--- What to produce ---
Could you repeat the whole listing below exactly, omitting any picture it holds?
··· Information provided
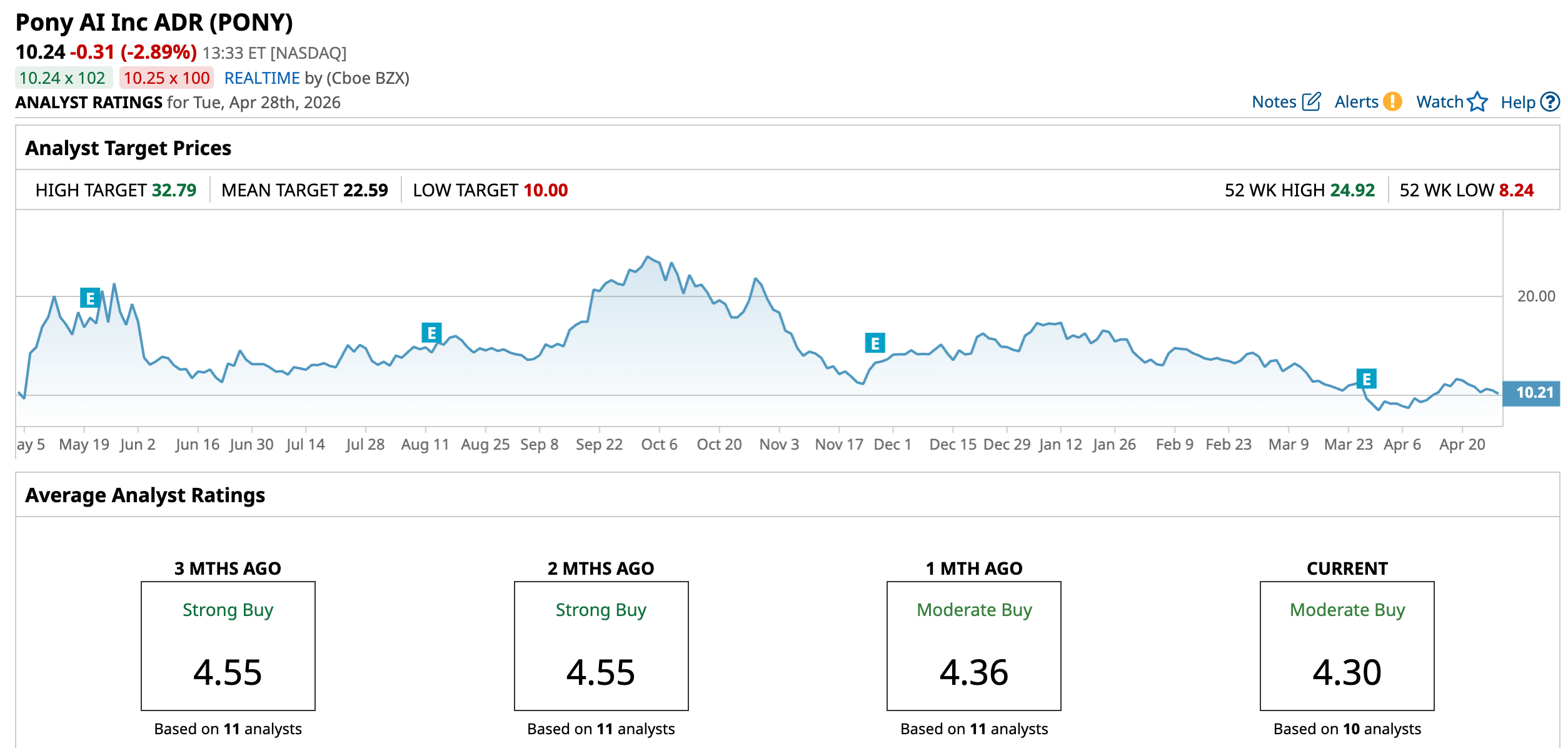 Currently valued at $4.1 billion by market capitalization, Pony AI made its Nasdaq debut in 2024, and while the stock has slipped marginally over the past year, it has stumbled 29.28% in 2026 so far, pressured by mixed quarterly results, lingering profitability concerns, and ongoing U.S.-China tensions.
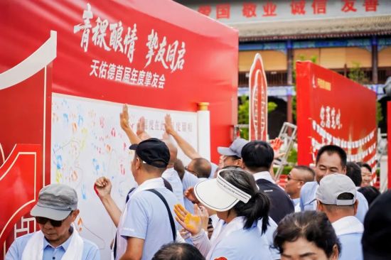会场中央,一面“挚友七彩留印墙”成为全场焦点,吸引了挚友们纷纷驻足,这面墙以绚丽的色彩为底,象征着天佑德与各位挚友之间多彩斑斓的情谊。温度在此、刻度留痕,每一个手印,都将成为一份独特的印记,挚友们手持专属印泥,在墙上按下自己的手印,一个个独特的印记逐渐汇聚成一幅完整的“同心画卷”。这面留印墙不仅是情谊的见证,更承载着天佑德与挚友们“共成长、同发展”的初心。墙上的每一个手印,都是一段故事的开始;每一种色彩,都代表着一份信任与期待。
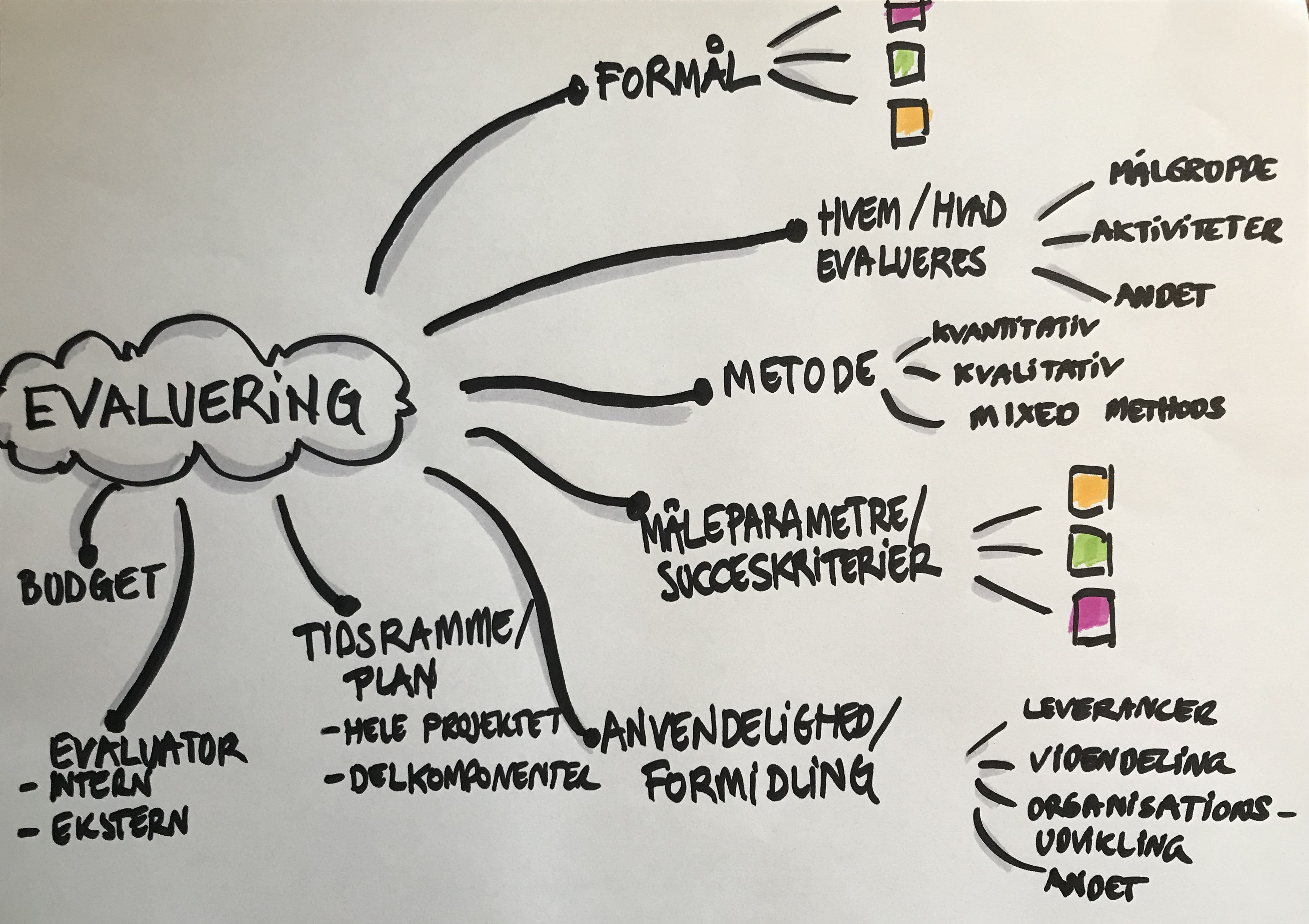 Det sikrer en tryghed i, at I ikke bruger unødige ressourcer (både økonomi og medarbejdertimer) på en evaluering - Sikre at få indarbejdet evaluering fra projektstart, så viden anvendes løbende i projektets fremdrift.
······
--- Answer box ---
 Currently valued at $4.1 billion by market capitalization, Pony AI made its Nasdaq debut in 2024, and while the stock has slipped marginally over the past year, it has stumbled 29.28% in 2026 so far, pressured by mixed quarterly results, lingering profitability concerns, and ongoing U.S.-China tensions.
会场中央,一面“挚友七彩留印墙”成为全场焦点,吸引了挚友们纷纷驻足,这面墙以绚丽的色彩为底,象征着天佑德与各位挚友之间多彩斑斓的情谊。温度在此、刻度留痕,每一个手印,都将成为一份独特的印记,挚友们手持专属印泥,在墙上按下自己的手印,一个个独特的印记逐渐汇聚成一幅完整的“同心画卷”。这面留印墙不仅是情谊的见证,更承载着天佑德与挚友们“共成长、同发展”的初心。墙上的每一个手印,都是一段故事的开始;每一种色彩,都代表着一份信任与期待。
 Det sikrer en tryghed i, at I ikke bruger unødige ressourcer (både økonomi og medarbejdertimer) på en evaluering - Sikre at få indarbejdet evaluering fra projektstart, så viden anvendes løbende i projektets fremdrift.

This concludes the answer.